● Instructions for the task: Restate the lines word for word, from the first line of the records through the line containing "Christmas Tree Ornaments". Leave out the pictures and anything after that line.

● Data excerpts:
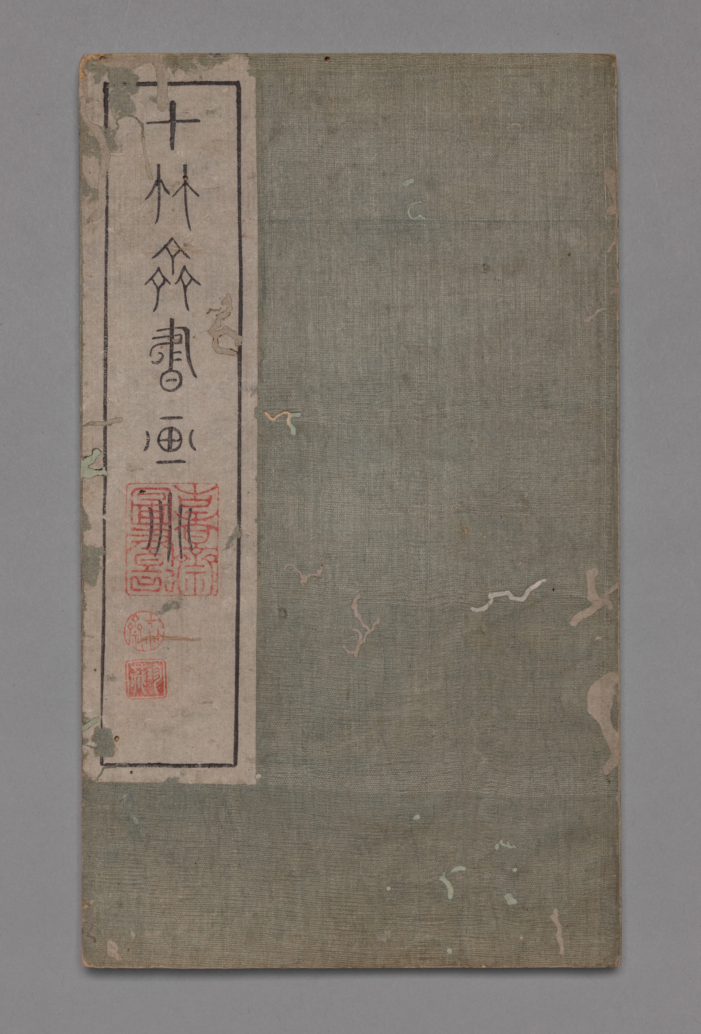 The image shows a book cover with a grayish-brown background. The cover is rectangular and oriented vertically. The right side of the cover is a solid grayish-brown color with some darker spots and light-colored peeling patches. The left side has a strip of lighter-colored paper with black and red Chinese characters. The strip of paper has a black border. Some of the characters are written vertically. The red characters are stamped and appear to be seals. The background behind the book is solid gray.
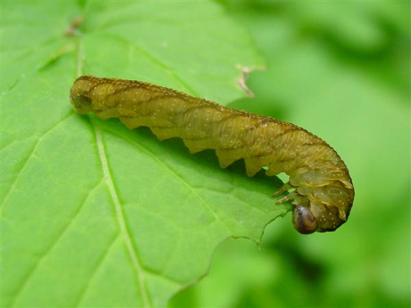 of andere bladwesp, een zogenaamde bastaardrups. Deze heeft in tegenstelling tot
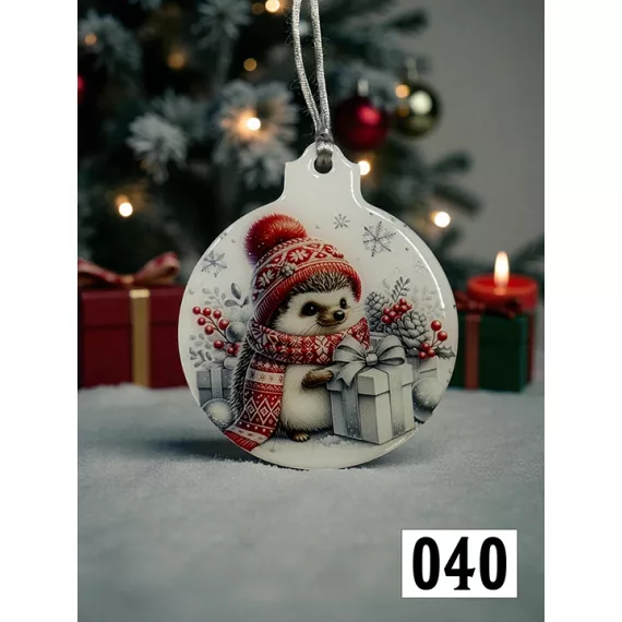Christmas Tree Ornaments Hedgehog with grey present
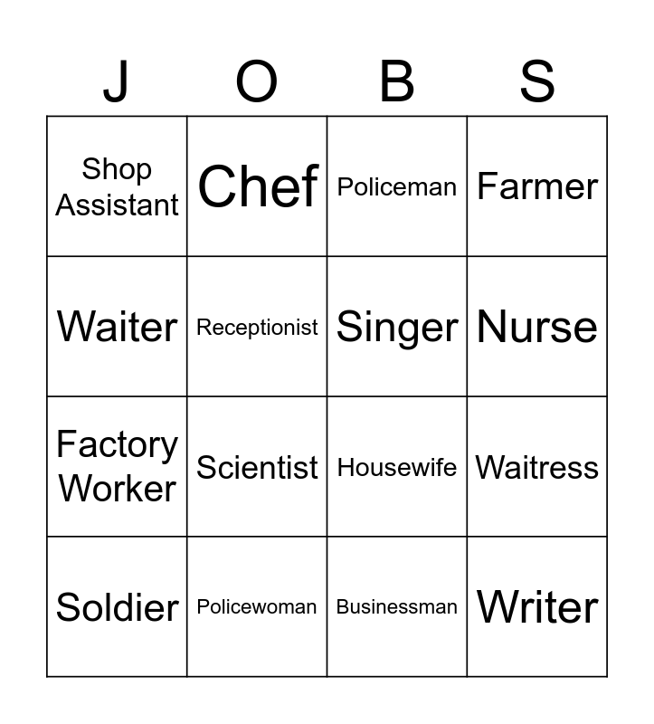 This bingo card has 24 words: Teacher, Doctor, Nurse, Journalist/Reporter, Waiter, Shop Assistant, Receptionist, Chef, Policewoman, Taxi Driver, Factory Worker, Housewife, Actor, Pilot, Singer, Hairdresser, Businessman, Policeman, Scientist, Waitress, Soldier, Writer, Farmer and Guide.
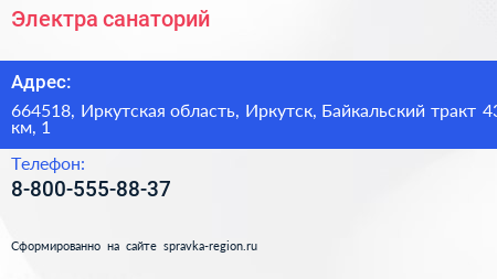Электра, санаторий по адресу 664518, Иркутская область, Иркутск, Байкальский тракт 43 км, 1 в дальнейшем Организация, размещена в следующих категориях:

● Expected answer:
 The image shows a book cover with a grayish-brown background. The cover is rectangular and oriented vertically. The right side of the cover is a solid grayish-brown color with some darker spots and light-colored peeling patches. The left side has a strip of lighter-colored paper with black and red Chinese characters. The strip of paper has a black border. Some of the characters are written vertically. The red characters are stamped and appear to be seals. The background behind the book is solid gray.
 of andere bladwesp, een zogenaamde bastaardrups. Deze heeft in tegenstelling tot
Christmas Tree Ornaments Hedgehog with grey present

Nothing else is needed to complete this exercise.